Большинство помещений Дворца были безлюдными, безмолвными. Шансы, что он застанет Пажа во второй половине дня в субботу в кабинете, были невелики.
– Входите… – раздался голос, показавшийся таким далеким.
Паж был там, весь покрытый пылью. Он пытался навести хотя бы относительный порядок в маленькой комнатке без окон, примыкавшей к его кабинету.
– Знаете, Мегрэ, я обнаружил несколько незарегистрированных дел двухлетней давности… Мне понадобится несколько месяцев, чтобы разобрать все эти завалы, оставленные моим предшественником…
– Я пришел за ордером на обыск.
– Подождите, я сейчас вымою руки…
Пажу пришлось идти в конец коридора, где находилась туалетная комната. Он был симпатичным, добросовестным малым.
– У вас есть новости?
– Меня беспокоит консьержка. Я уверен, этой женщине много известно. Вчера во время очной ставки она единственная не утратила уверенности в себе. И только она, разумеется за исключением заинтересованного лица, знает виновного.
– Но почему она молчит? Из-за ненависти к полиции?
– Не думаю, что этого достаточно, чтобы подвергать себя серьезной опасности. Я даже задаюсь вопросом: не попытается ли убийца ее устранить? Один из моих людей все время дежурит перед домом. По-моему, она упорно молчит, потому что ей за это заплатили. Я не знаю, сколько она получила… Но когда она поняла, что дело приобретает серьезный оборот, она, вероятно, решила, что ее обделили. И вот сегодня утром консьержка с профессиональной ловкостью улизнула от следившего за ней инспектора. Она зашла в мясную лавку, чтобы сбить его с толку. Сделав покупку, она как ни в чем не бывало отправилась в бакалейную лавку, а мой человек ничего не заподозрил. И только через четверть часа он обнаружил, что в лавке есть второй выход…
– Вы не знаете, куда она пошла?
– Флорантен был вместе со мной на кладбище Иври. Жан-Люк Бодар тоже…
– Она встречалась с одним из трех других подозреваемых?
– Она не могла ни с кем встречаться. Вчера вечером Ламот скорым поездом вернулся в Бордо. Курсель в Руане и ждет на обед друзей. Что касается Франсуа Паре, то он приболел и лежит в постели. Теперь настала очередь волноваться его жене…

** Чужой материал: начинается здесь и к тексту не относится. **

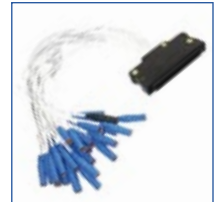
Cable connections (e.g. Adapter for shielded caps)

CE The WaveGuard EEG caps and accessories are approved for routine clinical use: CE class I (Europe), FDA 510(k) K110223 (USA)
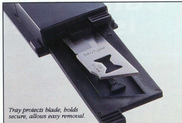
Tray protects blade, holds secure, allows easy removal.
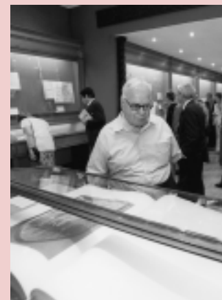
Photo, above-left: Director of the Library, Haris Kalligas, guides Minister of Culture Eleftherios Venizelos around the exhibition. Photo, above-right: A guest takes a few moments to admire one of the 75 treasures on display.
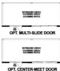
OPT. CENTER-MEET DOOR

– На чье имя выписать ордер на обыск?
– На имя мадам Блан… Консьержки…
Следственный судья нашел бланк в ящике стола своего секретаря, заполнил пустые графы, подписал и поставил печать.
– Удачи вам…
– Спасибо…
– Кстати, не беспокойтесь по поводу газетных комментариев. Все, кто вас знает…
– Благодарю…
Через несколько минут Мегрэ покинул набережную Орфевр в автомобиле полиции, которым управлял Лапуэнт. Движение было плотным, люди очень спешили, как всегда по субботам. Несмотря на дождь и ветер, они устремились к автострадам, ведущим за город.
Лапуэнту впервые удалось быстро припарковать машину у тротуара, прямо перед домом. Бельевой магазинчик был закрыт, а обувной хотя и работал, но пустовал, и стоящий на пороге продавец меланхолично смотрел на тучи, из которых лились струи воды.
– Что мы ищем, патрон?
– Все, что может нам помочь… Возможно, деньги…

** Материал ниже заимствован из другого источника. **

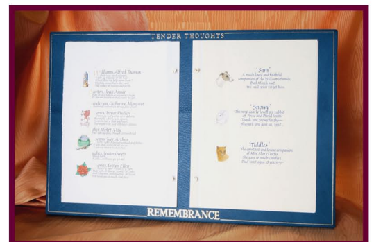
Flat Bed Remembrance Display

3. Flat Bed Remembrance Display - leather covered with gold tooling to outer edge with brass posts for holding loose leaves.
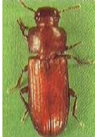
Confused Flour Beetle
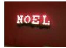
CHRISTMAS NEWSLETTER IN NOVEMBER
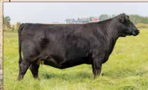
R & R MILKMAID ANTR 19J - Dam of Lot 17

AI Bred on June 5 th to SCHIEFELBEIN TOP GUN 522 (CAA 2406165) Confirmed safe. Due Date: March 14 th 2026
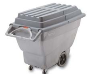
Structural Foam Tilt Truck & Lid

Мегрэ впервые увидел мадам Блан сидящей. Водрузив на круглый нос очки в стальной оправе, она читала вечернюю газету.
Мегрэ толкнул дверь. Вслед за ним вошел Лапуэнт.
– Вы вытерли ноги?
А поскольку они не ответили, она проворчала:
– Что еще вам нужно?
Мегрэ просто протянул ей ордер на обыск. Она дважды его перечитала.

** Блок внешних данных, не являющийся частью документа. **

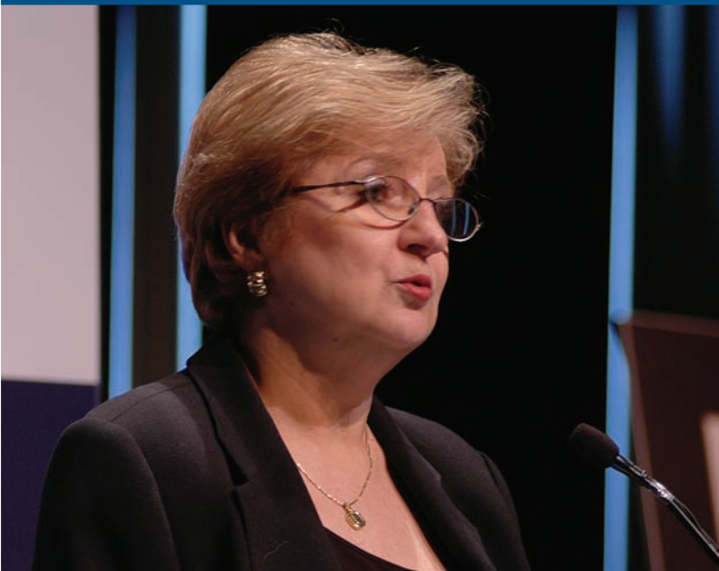
UN Deputy Secretary General Louise Fréchette opened the conference with a public keynote address on adapting the UN to the twenty-first-century.

grievous setback. Further, outcomes that produced winners and losers could be destructive of the very consensus that reform was intended to generate. Nor was it helpful to think in terms of a “grand bargain” in which the “North” got security in return for the “South” getting development. These issues were thoroughly reciprocal and member states were interdependent. Indeed, bargaining was going to be necessary within themes and within groups.

– Я не понимаю, что это значит. Что вы собираетесь делать?
– Обыскивать.
– Вы хотите сказать, что будете рыться в моих вещах?
– Поверьте, мне очень жаль.
– Интересно, не будет ли лучше, если я вызову адвоката?
– Это только докажет, что вам есть что скрывать… Лапуэнт, не спускай с нее глаз и не позволяй ни до чего дотрагиваться.
В углу привратницкой стоял буфет в стиле Генриха II с застекленными верхними дверцами. Там были только рюмки, графин и фаянсовый кофейный сервиз в крупный цветочек.
В правом ящике хранились ножи, вилки, ложки, штопор, а также три разрозненных кольца для салфеток. Приборы некогда были посеребренными, но теперь на них отчетливо проступала медь.
Левый ящик представлял больший интерес, поскольку там лежали фотографии и документы. На одном из снимков была запечатлена супружеская чета. Мадам Блан, вероятно, было лет двадцать пять. И хотя она уже тогда была пышечкой, казалось невероятным, что со временем она превратится в такое чудовище. Она даже улыбалась, глядя на мужчину со светлыми усами, который наверняка был ее мужем.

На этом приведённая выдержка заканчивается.